Sherwin seems to be the first professor to apologise for a situation that others, who have been confronted about ghostwritten material, have dismissed.

Mina Dulcan editor of the Journal of American Academy of Child and Adolescent Psychiatry which published a study on paroxetine and children, told the BBC investigative

show Panorama two years ago that she was not bothered by the fact the published article was at odds with the data and appeared to have been ghostwritten.

“I don’t have any regrets about publishing at all. It generated all sorts of useful discussion which is the purpose of a scholarly journal,” Dulcan said.

An article in the Journal of Reproductive Medicine listing Gloria Bachmann, a professor of obstetrics and gynaecology at the Robert Wood Johnson Medical School in New

Jersey, as its lead author was near verbatim to a draft written by the company DesignWrite, the same firm involved in the Sherwin article.

Bachmann told the New York Times:“This is my work, this is what I believe, this is reflective of my view.”

Pharmaceutical critic David Healy, a psychiatry professor at Bangor University in the UK, has been warning of ghost-written articles for years. Healy said the practice was so pervasive he estimated almost all articles linked to an on-patent pharmaceutical were likely to be ghost-written and he has warned journal editors of certain articles that have passed his desk.

“Despite being told the article is ghost-written, the journal published and didn’t ask the company to make the data available,” Healy said, alluding to his call for raw data to be made available from trials which would help ghostwriters more accurately portray the drug.

Healy has criticised the heavy use by the pharmaceuticals of paid university-based consultants and the burying of negative data.

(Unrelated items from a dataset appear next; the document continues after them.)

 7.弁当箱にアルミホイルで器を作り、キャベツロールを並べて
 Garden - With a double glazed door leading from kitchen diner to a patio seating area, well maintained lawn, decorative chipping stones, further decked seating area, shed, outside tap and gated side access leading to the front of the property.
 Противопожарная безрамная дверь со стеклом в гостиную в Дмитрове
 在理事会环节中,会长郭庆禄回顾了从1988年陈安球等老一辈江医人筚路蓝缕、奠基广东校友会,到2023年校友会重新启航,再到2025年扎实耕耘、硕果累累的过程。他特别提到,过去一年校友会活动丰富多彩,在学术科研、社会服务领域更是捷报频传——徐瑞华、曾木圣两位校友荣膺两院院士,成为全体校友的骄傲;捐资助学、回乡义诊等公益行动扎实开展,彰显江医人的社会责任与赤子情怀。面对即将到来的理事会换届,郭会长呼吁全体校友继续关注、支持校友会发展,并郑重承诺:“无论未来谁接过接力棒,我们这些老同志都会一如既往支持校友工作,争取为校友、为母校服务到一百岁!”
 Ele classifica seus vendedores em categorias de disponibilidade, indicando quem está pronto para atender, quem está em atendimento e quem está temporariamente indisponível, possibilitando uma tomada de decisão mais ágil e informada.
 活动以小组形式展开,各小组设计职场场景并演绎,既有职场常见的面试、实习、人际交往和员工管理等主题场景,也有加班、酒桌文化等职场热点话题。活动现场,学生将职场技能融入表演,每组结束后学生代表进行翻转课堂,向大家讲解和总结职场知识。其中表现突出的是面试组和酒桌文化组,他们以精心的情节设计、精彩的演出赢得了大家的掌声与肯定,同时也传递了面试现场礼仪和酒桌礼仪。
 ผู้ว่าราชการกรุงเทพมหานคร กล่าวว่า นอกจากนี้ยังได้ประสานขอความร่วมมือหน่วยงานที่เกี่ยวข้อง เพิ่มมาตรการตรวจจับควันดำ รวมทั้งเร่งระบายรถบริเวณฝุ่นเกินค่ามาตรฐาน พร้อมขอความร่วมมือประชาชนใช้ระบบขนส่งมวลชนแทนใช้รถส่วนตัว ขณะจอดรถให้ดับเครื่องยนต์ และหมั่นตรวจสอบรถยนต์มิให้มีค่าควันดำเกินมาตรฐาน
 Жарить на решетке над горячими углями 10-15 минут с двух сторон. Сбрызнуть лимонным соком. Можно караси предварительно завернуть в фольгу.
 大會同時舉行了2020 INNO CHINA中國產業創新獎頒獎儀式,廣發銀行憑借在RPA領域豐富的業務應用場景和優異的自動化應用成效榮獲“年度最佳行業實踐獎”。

He said the practice of using ghost-writers was starting to emerge as an issue that threatened the reputations of universities.

“The issue has crept up on people so universities may get their act together in due course. They have been prepared to accept some hits to their credibility in return for the money and influence, but if it becomes clear their credibility is suffering too badly this will change. Up until now it’s been win-win. It will be interesting to see if things change.”